What the task requires =
Transcribe all the records exactly and omit any images they hold.

== Provided information ==

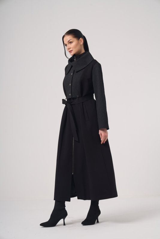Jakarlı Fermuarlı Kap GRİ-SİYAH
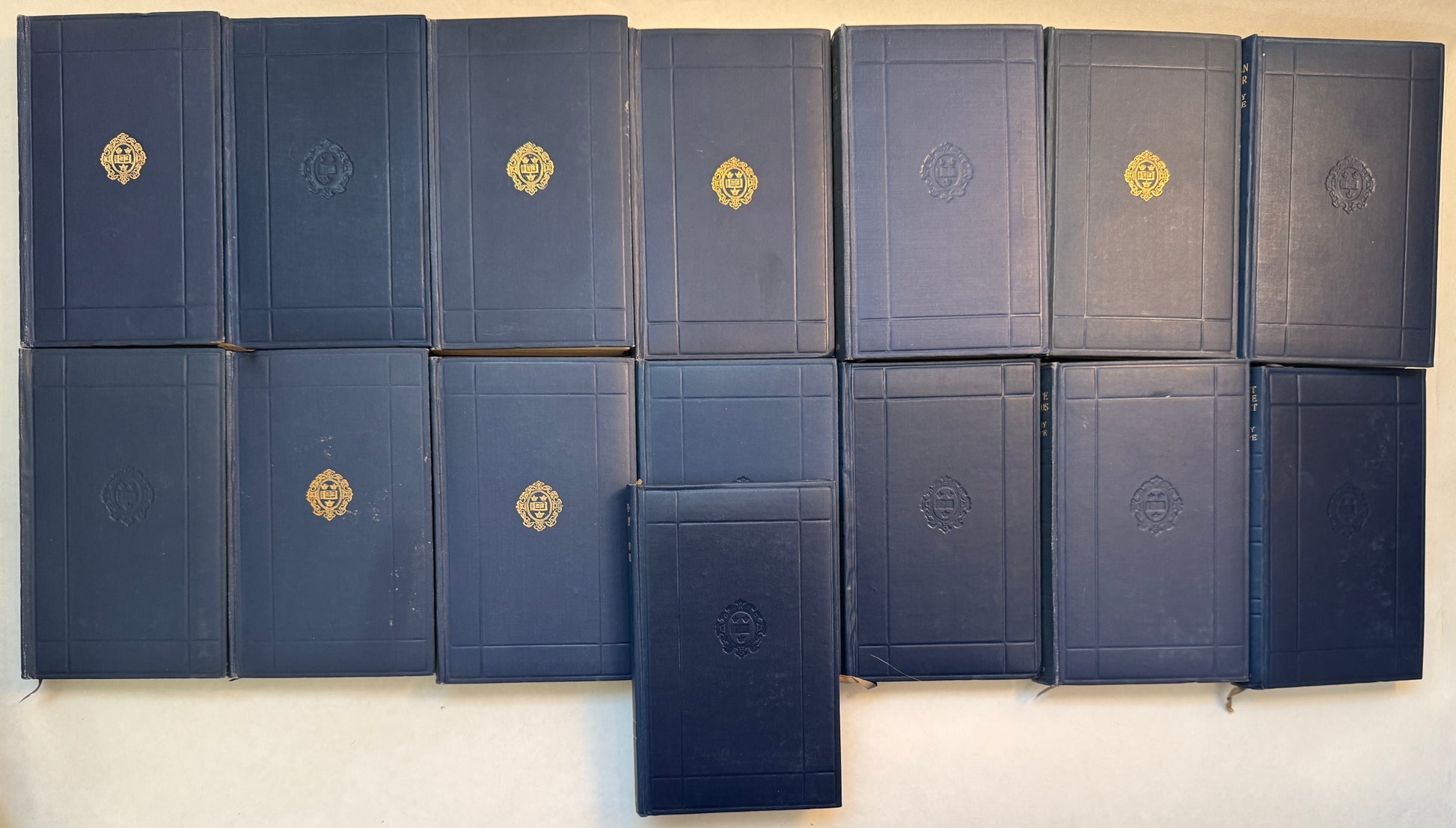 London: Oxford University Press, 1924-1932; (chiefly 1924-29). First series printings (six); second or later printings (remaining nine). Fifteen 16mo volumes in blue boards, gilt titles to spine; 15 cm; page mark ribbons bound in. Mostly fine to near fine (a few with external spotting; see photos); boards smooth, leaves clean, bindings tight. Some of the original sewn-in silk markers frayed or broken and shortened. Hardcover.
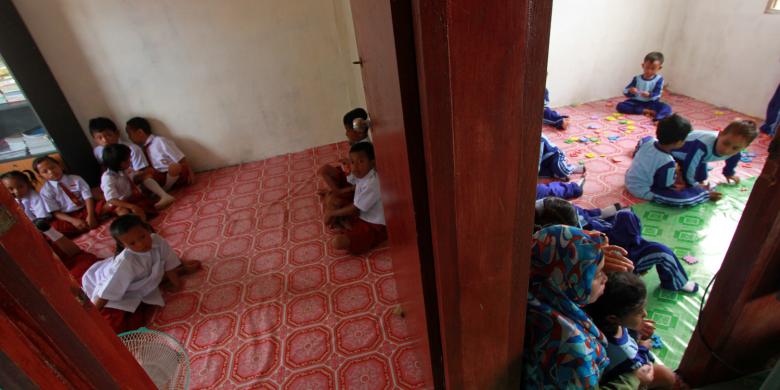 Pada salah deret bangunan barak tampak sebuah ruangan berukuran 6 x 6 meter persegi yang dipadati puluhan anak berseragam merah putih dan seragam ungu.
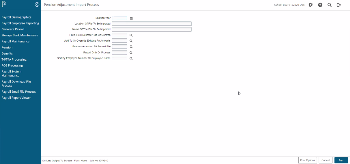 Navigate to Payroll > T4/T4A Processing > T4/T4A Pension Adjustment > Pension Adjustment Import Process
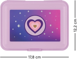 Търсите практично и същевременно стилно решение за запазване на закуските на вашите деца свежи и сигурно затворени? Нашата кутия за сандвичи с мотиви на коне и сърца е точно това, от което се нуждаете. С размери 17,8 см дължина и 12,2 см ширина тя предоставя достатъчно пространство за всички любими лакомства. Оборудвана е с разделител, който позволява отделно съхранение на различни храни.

===

Response to this exercise =
Jakarlı Fermuarlı Kap GRİ-SİYAH
 London: Oxford University Press, 1924-1932; (chiefly 1924-29). First series printings (six); second or later printings (remaining nine). Fifteen 16mo volumes in blue boards, gilt titles to spine; 15 cm; page mark ribbons bound in. Mostly fine to near fine (a few with external spotting; see photos); boards smooth, leaves clean, bindings tight. Some of the original sewn-in silk markers frayed or broken and shortened. Hardcover.
 Pada salah deret bangunan barak tampak sebuah ruangan berukuran 6 x 6 meter persegi yang dipadati puluhan anak berseragam merah putih dan seragam ungu.
 Navigate to Payroll > T4/T4A Processing > T4/T4A Pension Adjustment > Pension Adjustment Import Process
 Търсите практично и същевременно стилно решение за запазване на закуските на вашите деца свежи и сигурно затворени? Нашата кутия за сандвичи с мотиви на коне и сърца е точно това, от което се нуждаете. С размери 17,8 см дължина и 12,2 см ширина тя предоставя достатъчно пространство за всички любими лакомства. Оборудвана е с разделител, който позволява отделно съхранение на различни храни.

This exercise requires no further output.